A traitor to the Crown! The card I have going spare is only a 560 Ti anyhow, so it wouldn't have been revolutionary. It barely runs vanilla Skyrim.
I'm in the USA but the only thing I have up for grabs at the moment is my 1000 year old 4890 Could be worse in 2017 I bought a 1050 for 175$ and I just recently snagged a almost unused one for 90 (sigh)

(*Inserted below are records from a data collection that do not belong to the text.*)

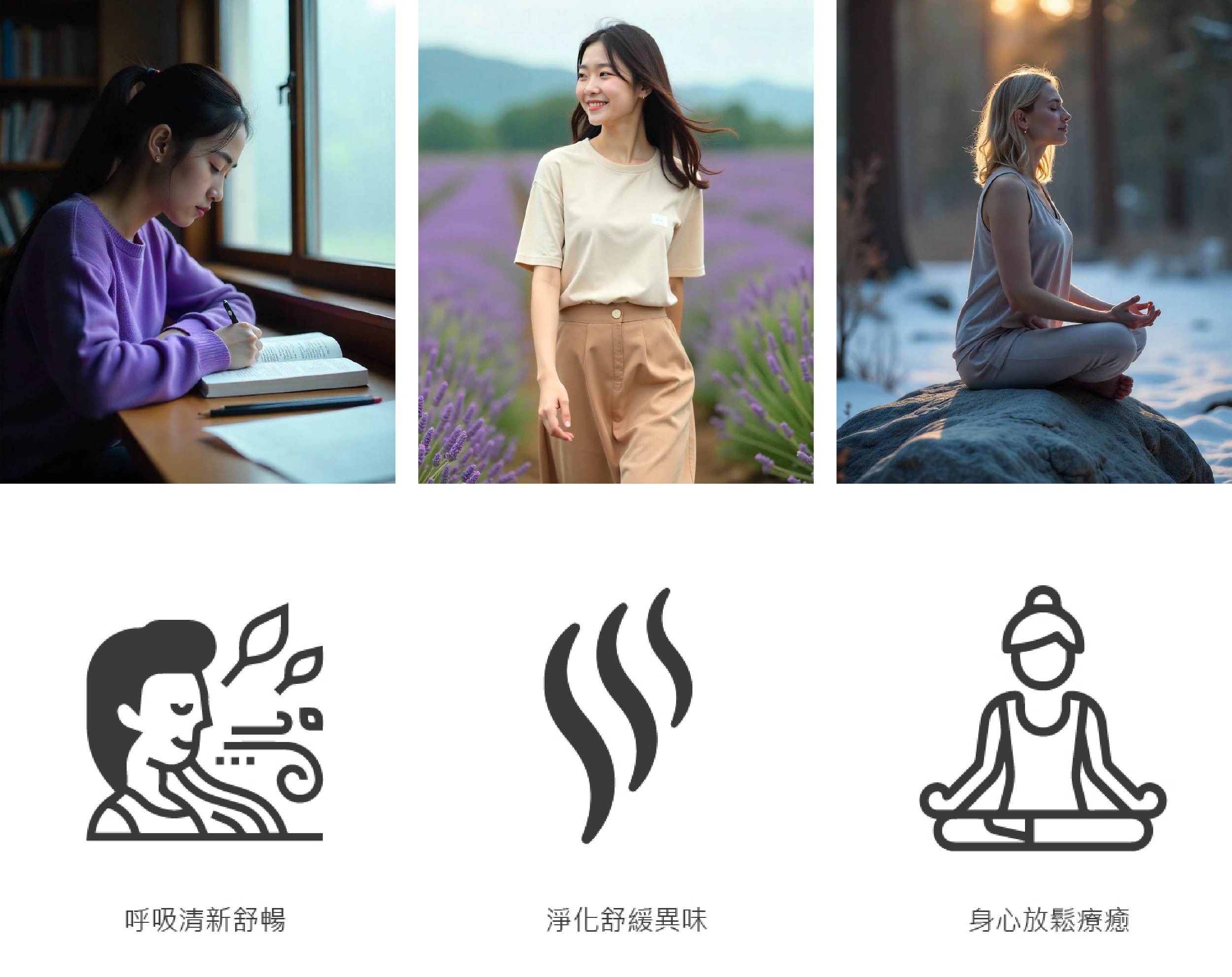 - 關鍵字:思緒清晰、安撫靜緒、放鬆、助眠
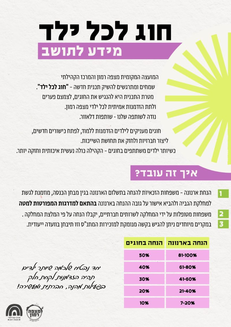 המאפשרת לכל ילד/ה לבחור ולהשתתף בחוג איכותי במתנ”ס בעלות מסובסדת (בהתאם לעמידה בקריטריונים).
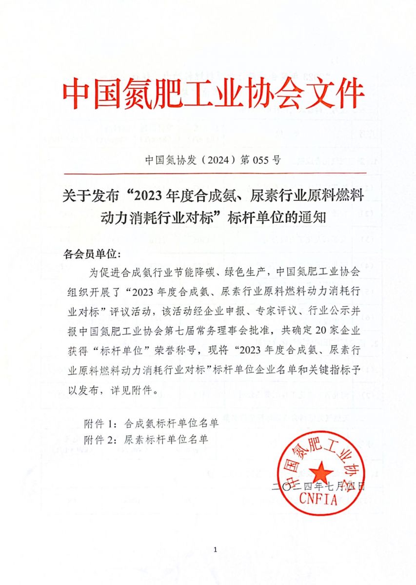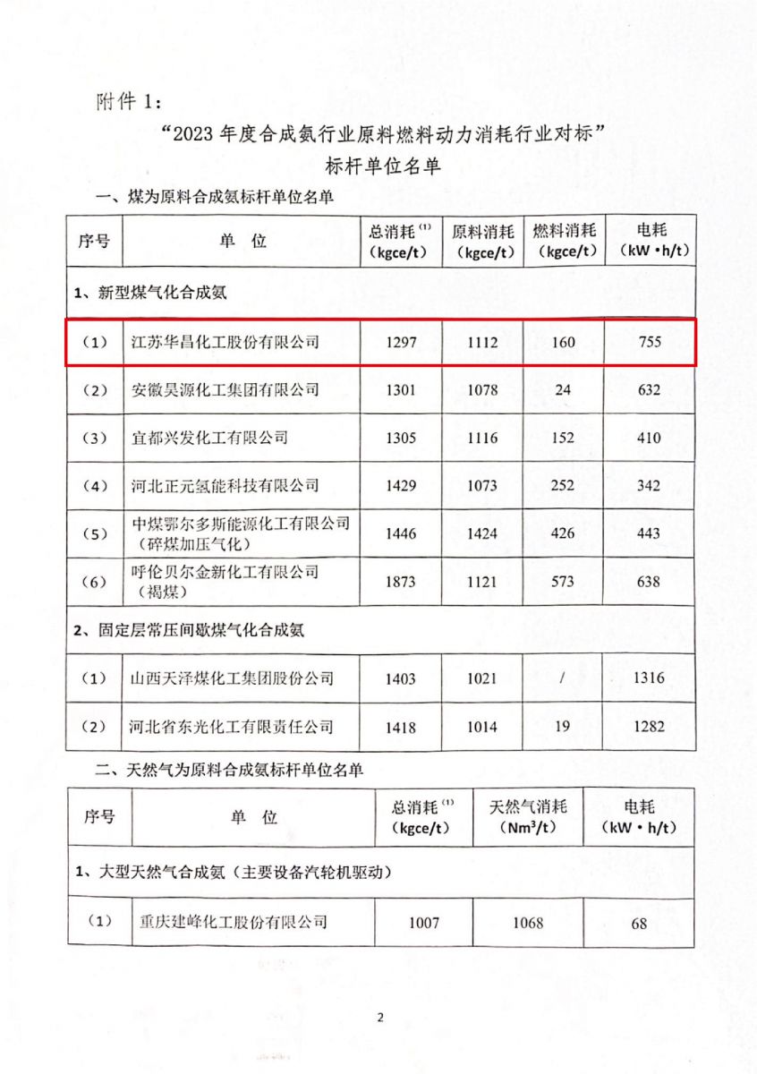 为促进合成氨行业节能降碳、绿色生产,中国氮肥工业协会组织开展了“2023年度合成氨、尿素行业原料燃料动力消耗行业对标”评议活动,经企业申报、专家评议、行业公示并报中国氮肥工业协会第七届常务理事会批准,确定广发体育获“标杆单位”荣誉称号。华昌化工以总消耗1297千克标准煤的成绩获评“2023年度合成氨行业原料燃料动力消耗行业对标”标杆单位(新型煤气化合成氨)第一名。.jpg)
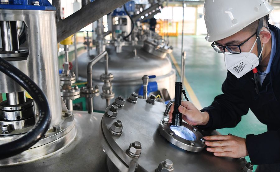 A worker inspects an electrolyte production line of a new energy material company at Huazhou District of Weinan City, northwest China's Shaanxi Province, Feb. 22, 2020. Besides working on prevention and control of the novel coronavirus pneumonia, the company has stepped up production to ensure raw material supplies to customers at home and broad amid strict prevention and control measures against the novel coronavirus. (Xinhua/Tao Ming)
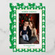 Share holiday greetings with these photo Christmas cards featuring your favourite photo set on a modern and minimal background of pine tree on contrasting earth red gold foil. An editable message area lets you customise your holiday greeting in modern lettering. Add your family name or names beneath.
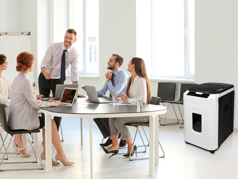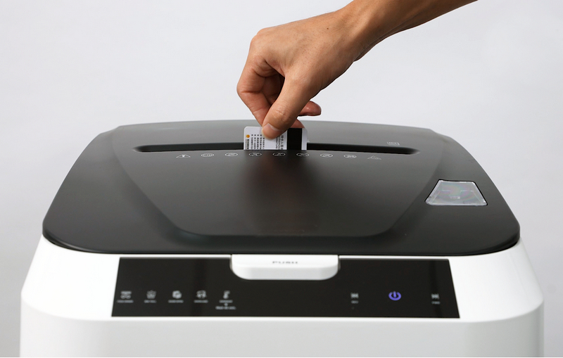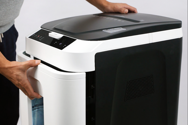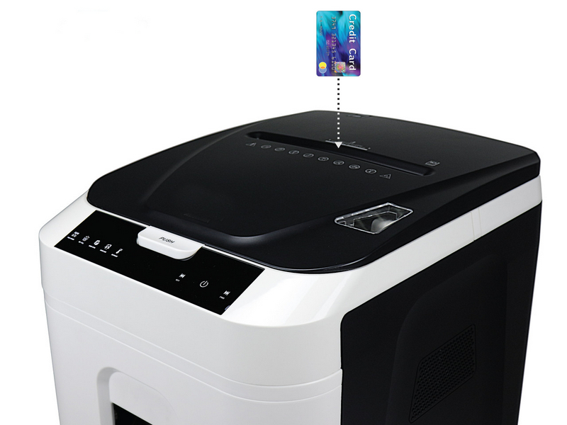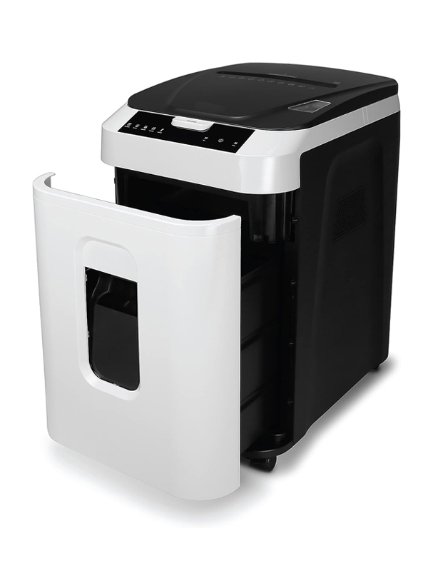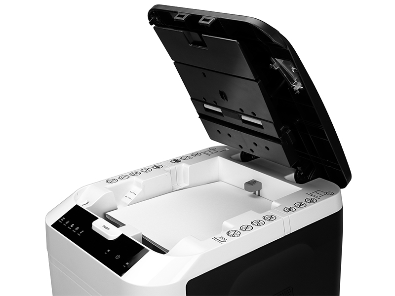 Skartovač pracuje sám a spracuje celý objem zásobníka. Nový podávací mechanizmus si poradí aj so zaprášenými papiermi alebo občasne zošitými sponkou.

Booooo..... I think my £503 rtx 2080 Ti is dying. Luckily according to their serial number checker, it's still in EVGA 3 yr warranty. So I've Emailed them (their webform isn't working for me) request for "advanced RMA" (meaning they take money from me and ship replacement to me first, then refund me on completion). I was experimenting with memory overclock a couple days ago, noticed online people were getting +800 MHz whereas I can only get +400 MHz. No biggie, I lost the silicon raffle. Returned to run at stock or reduced power limits all the time. But then last night HL Alyx crashes the moment a level finishes loading. So today I investigated by running artifact scanning tools and found loads of artifacts. At -400 MHz (underclock) on the memory, no artifact and benchmarks run smoothly. At -200 MHz, the MSI artifact scanner would pick up loads of artifact. At factory stock, it would crash. Quick search seems to reveal early Micron variants are prone to failure. Downside of buying older second hand. edit: Now games still crashes and artifacts with -500 MHz downclock, this is the limit on Afterbuner slider edit2: EVGA advance RMA is not available to second hand buyers, only standard RMA
Managed to get a 3080FE ordered from Scan last night... and woke up to a cancellation email effectively accusing me of being a scalper Customer Service don’t know why the order was cancelled, and can’t see any reason it should have been, and can’t do anything about it. But did tell me it probably means I won’t be able to order one in the future as I’ll have a record of having ordered one already A really good way to ‘get cards in the hands of gamers’. Oh well.